## Problem
Make an exact copy of all the entries below, with the pictures left out.
[[ Available data open ]]
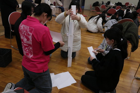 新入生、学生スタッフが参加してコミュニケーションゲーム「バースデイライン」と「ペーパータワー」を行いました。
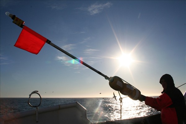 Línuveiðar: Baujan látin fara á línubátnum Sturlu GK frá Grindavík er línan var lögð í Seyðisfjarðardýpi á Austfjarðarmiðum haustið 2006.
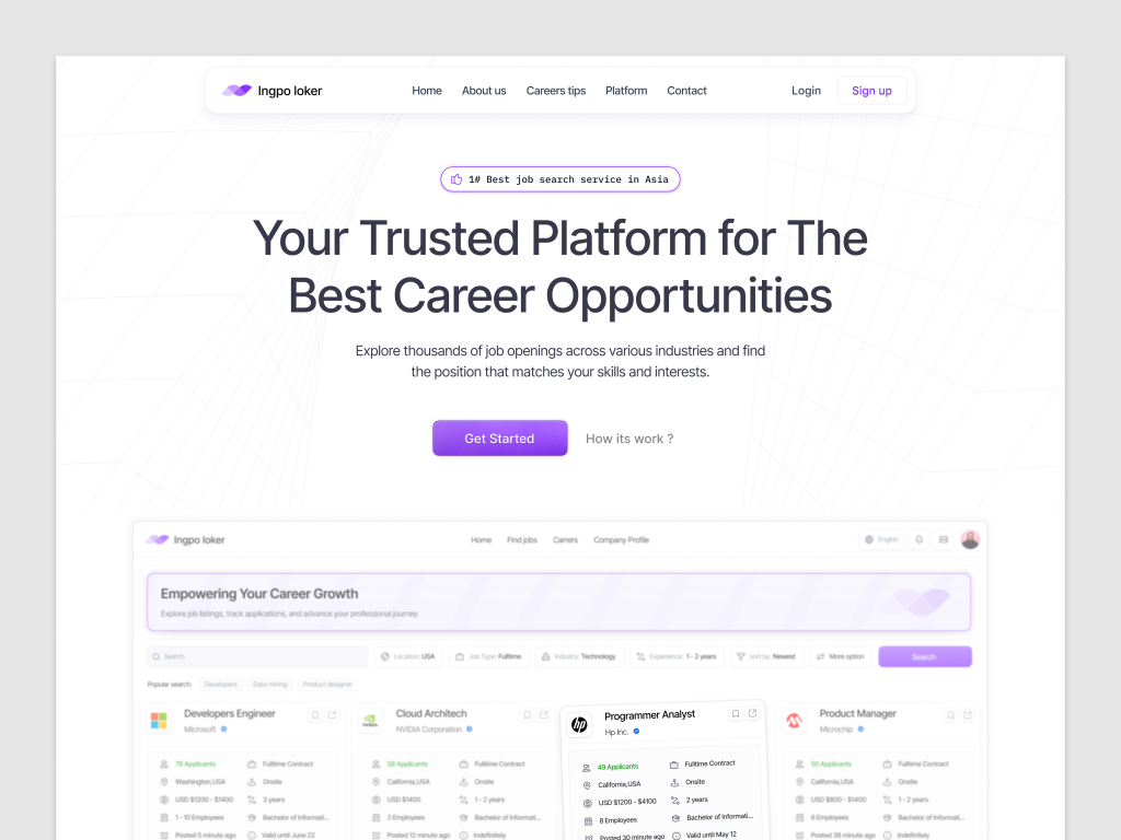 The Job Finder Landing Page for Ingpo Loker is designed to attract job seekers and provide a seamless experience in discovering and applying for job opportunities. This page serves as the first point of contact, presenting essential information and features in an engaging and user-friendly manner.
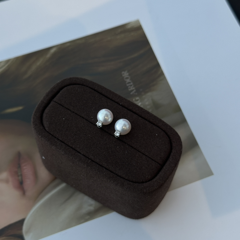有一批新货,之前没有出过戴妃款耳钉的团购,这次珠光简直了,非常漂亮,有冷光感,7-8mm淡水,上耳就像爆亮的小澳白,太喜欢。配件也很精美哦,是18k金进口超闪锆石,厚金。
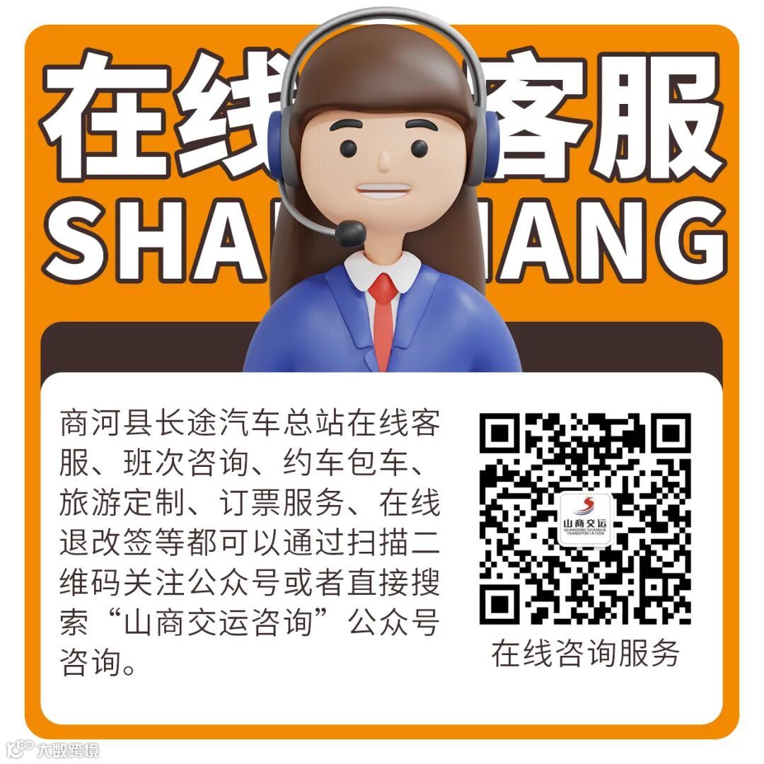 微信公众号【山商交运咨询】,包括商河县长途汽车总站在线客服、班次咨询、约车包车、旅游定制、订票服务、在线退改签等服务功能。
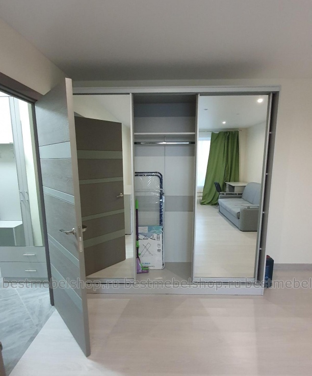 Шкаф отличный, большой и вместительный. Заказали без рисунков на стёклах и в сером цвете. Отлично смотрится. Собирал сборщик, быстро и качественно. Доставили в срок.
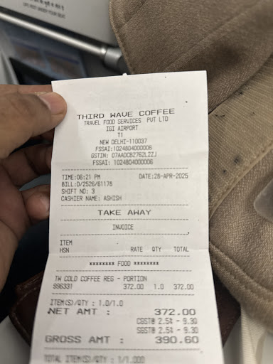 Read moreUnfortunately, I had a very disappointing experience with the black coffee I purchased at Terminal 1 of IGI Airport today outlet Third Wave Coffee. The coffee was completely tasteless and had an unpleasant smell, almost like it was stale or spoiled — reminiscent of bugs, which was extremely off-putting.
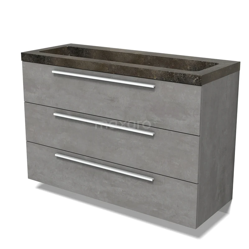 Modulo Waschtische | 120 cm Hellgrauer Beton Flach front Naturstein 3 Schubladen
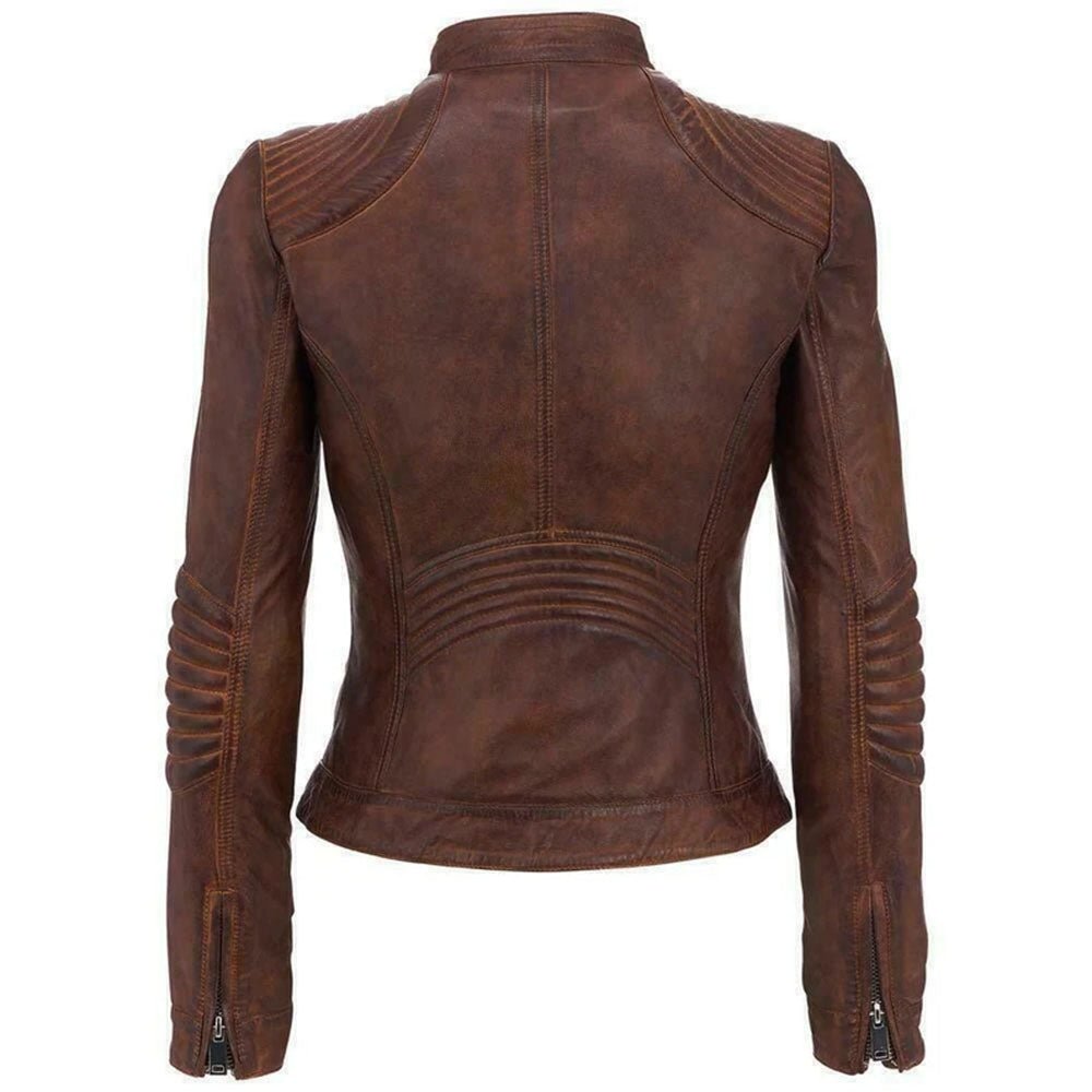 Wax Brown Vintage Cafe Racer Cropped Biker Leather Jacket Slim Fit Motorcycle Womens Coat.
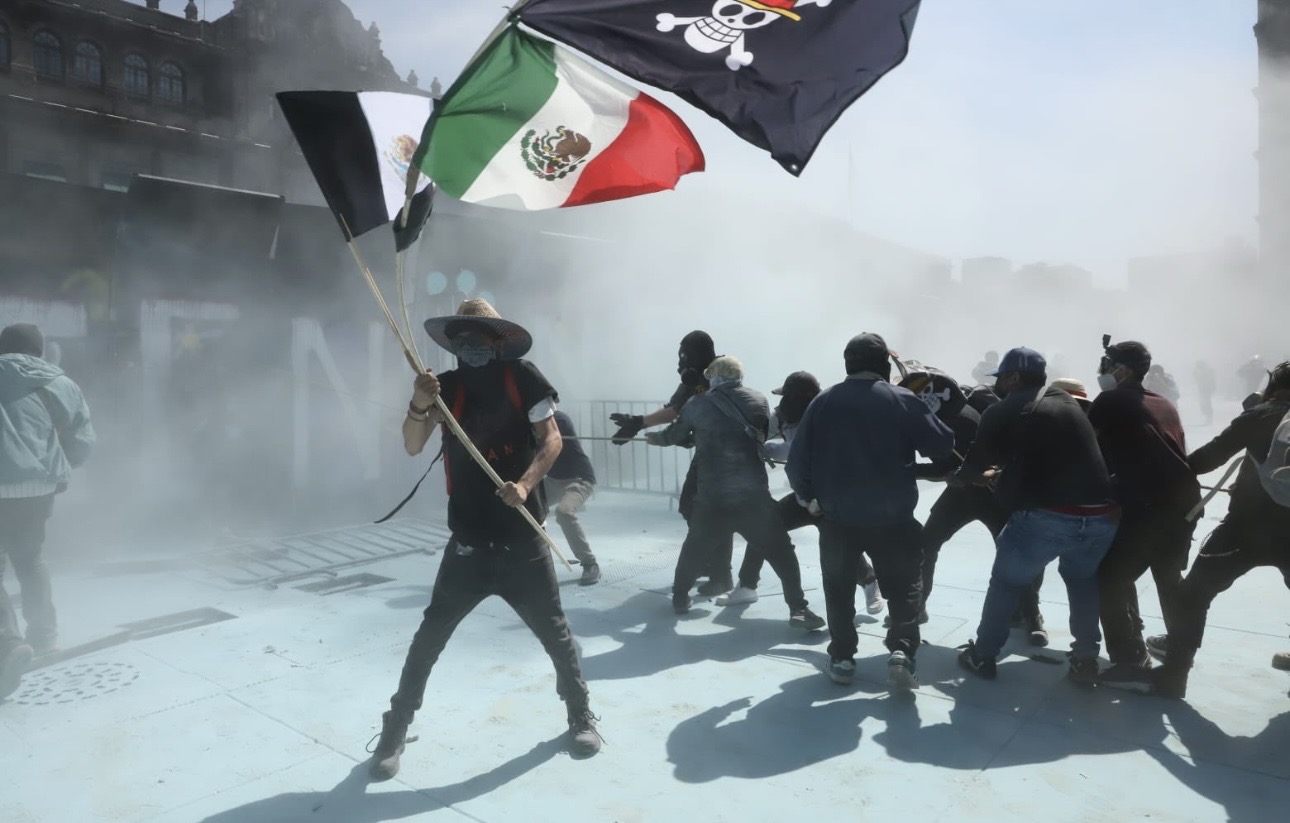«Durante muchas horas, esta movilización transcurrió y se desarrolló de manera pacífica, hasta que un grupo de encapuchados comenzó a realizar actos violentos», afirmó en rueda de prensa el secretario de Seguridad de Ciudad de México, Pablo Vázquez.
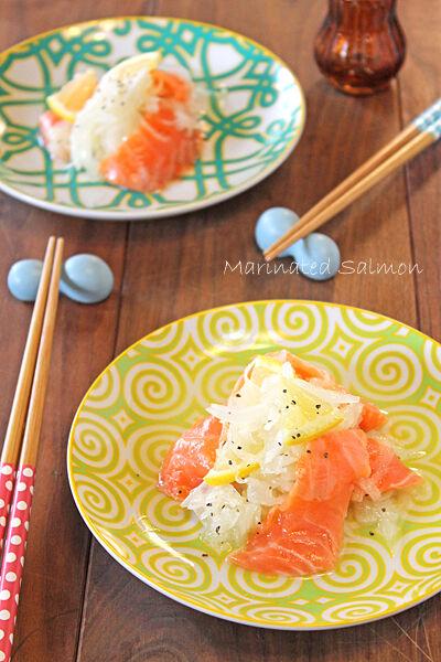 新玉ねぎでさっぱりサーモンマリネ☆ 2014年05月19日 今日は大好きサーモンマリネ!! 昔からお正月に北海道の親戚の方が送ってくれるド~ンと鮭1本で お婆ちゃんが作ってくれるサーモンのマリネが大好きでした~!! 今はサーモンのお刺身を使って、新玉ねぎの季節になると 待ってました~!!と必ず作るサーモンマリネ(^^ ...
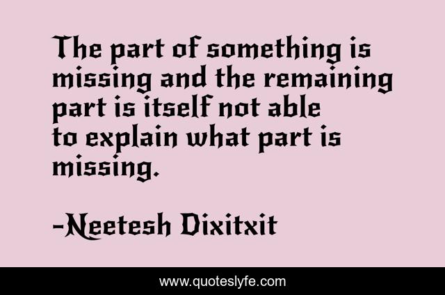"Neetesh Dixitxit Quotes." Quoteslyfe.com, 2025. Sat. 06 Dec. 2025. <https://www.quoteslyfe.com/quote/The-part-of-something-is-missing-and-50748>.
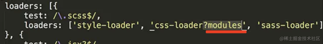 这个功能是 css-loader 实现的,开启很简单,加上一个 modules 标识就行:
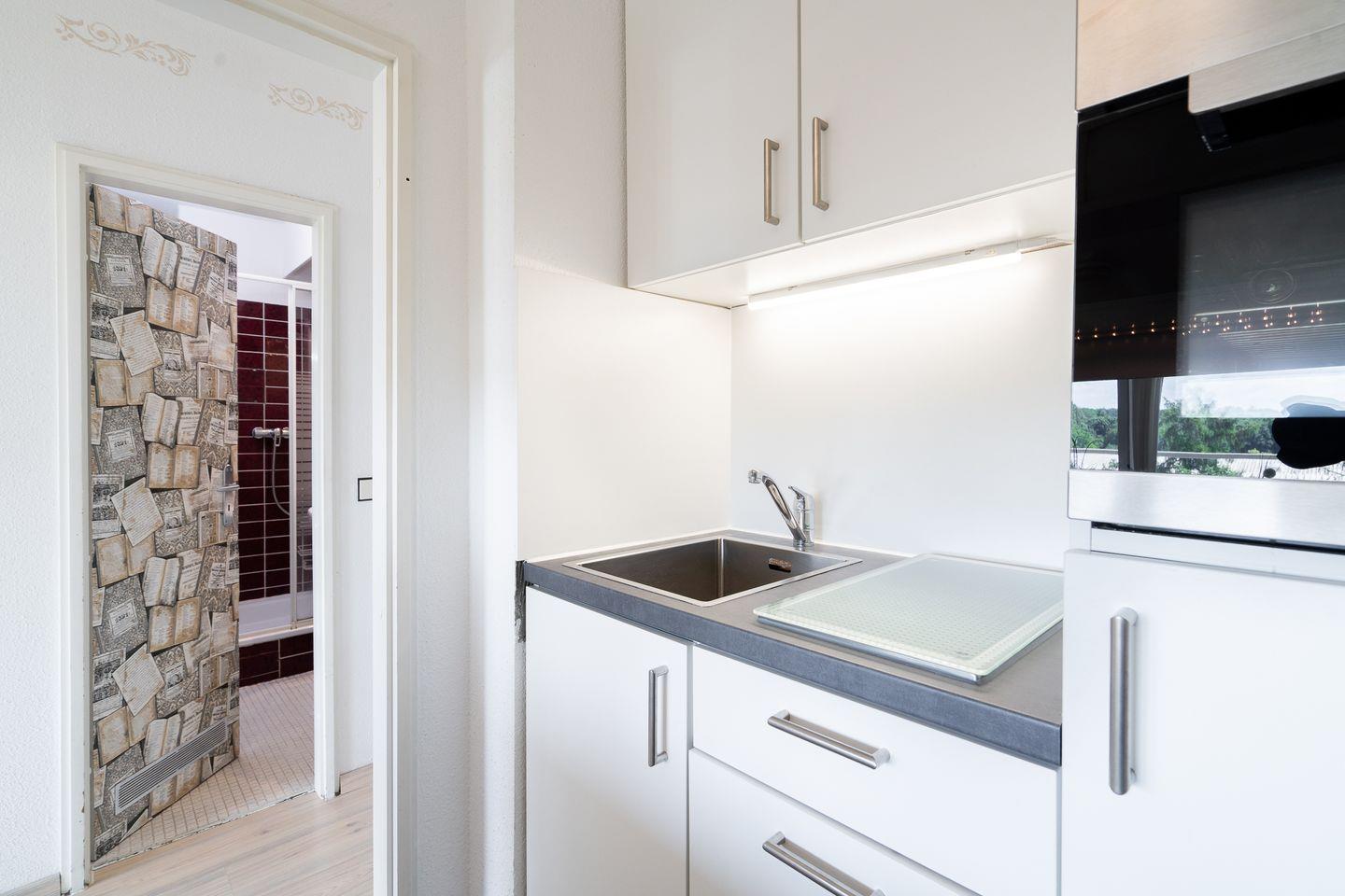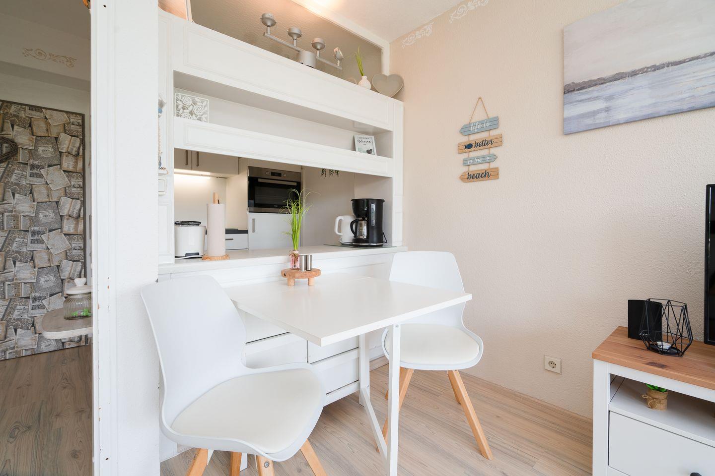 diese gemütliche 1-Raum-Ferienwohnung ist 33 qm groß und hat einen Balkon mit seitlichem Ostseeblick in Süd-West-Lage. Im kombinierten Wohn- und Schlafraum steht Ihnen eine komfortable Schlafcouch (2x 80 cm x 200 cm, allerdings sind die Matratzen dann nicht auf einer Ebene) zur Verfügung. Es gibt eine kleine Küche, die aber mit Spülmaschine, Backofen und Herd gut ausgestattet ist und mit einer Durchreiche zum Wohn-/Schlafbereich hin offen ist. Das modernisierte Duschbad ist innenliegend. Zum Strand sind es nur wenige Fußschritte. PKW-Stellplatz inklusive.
[[ Available data closed ]]
## Output of the exercise
 新入生、学生スタッフが参加してコミュニケーションゲーム「バースデイライン」と「ペーパータワー」を行いました。
 Línuveiðar: Baujan látin fara á línubátnum Sturlu GK frá Grindavík er línan var lögð í Seyðisfjarðardýpi á Austfjarðarmiðum haustið 2006.
 The Job Finder Landing Page for Ingpo Loker is designed to attract job seekers and provide a seamless experience in discovering and applying for job opportunities. This page serves as the first point of contact, presenting essential information and features in an engaging and user-friendly manner.
有一批新货,之前没有出过戴妃款耳钉的团购,这次珠光简直了,非常漂亮,有冷光感,7-8mm淡水,上耳就像爆亮的小澳白,太喜欢。配件也很精美哦,是18k金进口超闪锆石,厚金。
 微信公众号【山商交运咨询】,包括商河县长途汽车总站在线客服、班次咨询、约车包车、旅游定制、订票服务、在线退改签等服务功能。
 Шкаф отличный, большой и вместительный. Заказали без рисунков на стёклах и в сером цвете. Отлично смотрится. Собирал сборщик, быстро и качественно. Доставили в срок.
 Read moreUnfortunately, I had a very disappointing experience with the black coffee I purchased at Terminal 1 of IGI Airport today outlet Third Wave Coffee. The coffee was completely tasteless and had an unpleasant smell, almost like it was stale or spoiled — reminiscent of bugs, which was extremely off-putting.
 Modulo Waschtische | 120 cm Hellgrauer Beton Flach front Naturstein 3 Schubladen
 Wax Brown Vintage Cafe Racer Cropped Biker Leather Jacket Slim Fit Motorcycle Womens Coat.
«Durante muchas horas, esta movilización transcurrió y se desarrolló de manera pacífica, hasta que un grupo de encapuchados comenzó a realizar actos violentos», afirmó en rueda de prensa el secretario de Seguridad de Ciudad de México, Pablo Vázquez.
 新玉ねぎでさっぱりサーモンマリネ☆ 2014年05月19日 今日は大好きサーモンマリネ!! 昔からお正月に北海道の親戚の方が送ってくれるド~ンと鮭1本で お婆ちゃんが作ってくれるサーモンのマリネが大好きでした~!! 今はサーモンのお刺身を使って、新玉ねぎの季節になると 待ってました~!!と必ず作るサーモンマリネ(^^ ...
"Neetesh Dixitxit Quotes." Quoteslyfe.com, 2025. Sat. 06 Dec. 2025. <https://www.quoteslyfe.com/quote/The-part-of-something-is-missing-and-50748>.
 这个功能是 css-loader 实现的,开启很简单,加上一个 modules 标识就行:
 diese gemütliche 1-Raum-Ferienwohnung ist 33 qm groß und hat einen Balkon mit seitlichem Ostseeblick in Süd-West-Lage. Im kombinierten Wohn- und Schlafraum steht Ihnen eine komfortable Schlafcouch (2x 80 cm x 200 cm, allerdings sind die Matratzen dann nicht auf einer Ebene) zur Verfügung. Es gibt eine kleine Küche, die aber mit Spülmaschine, Backofen und Herd gut ausgestattet ist und mit einer Durchreiche zum Wohn-/Schlafbereich hin offen ist. Das modernisierte Duschbad ist innenliegend. Zum Strand sind es nur wenige Fußschritte. PKW-Stellplatz inklusive.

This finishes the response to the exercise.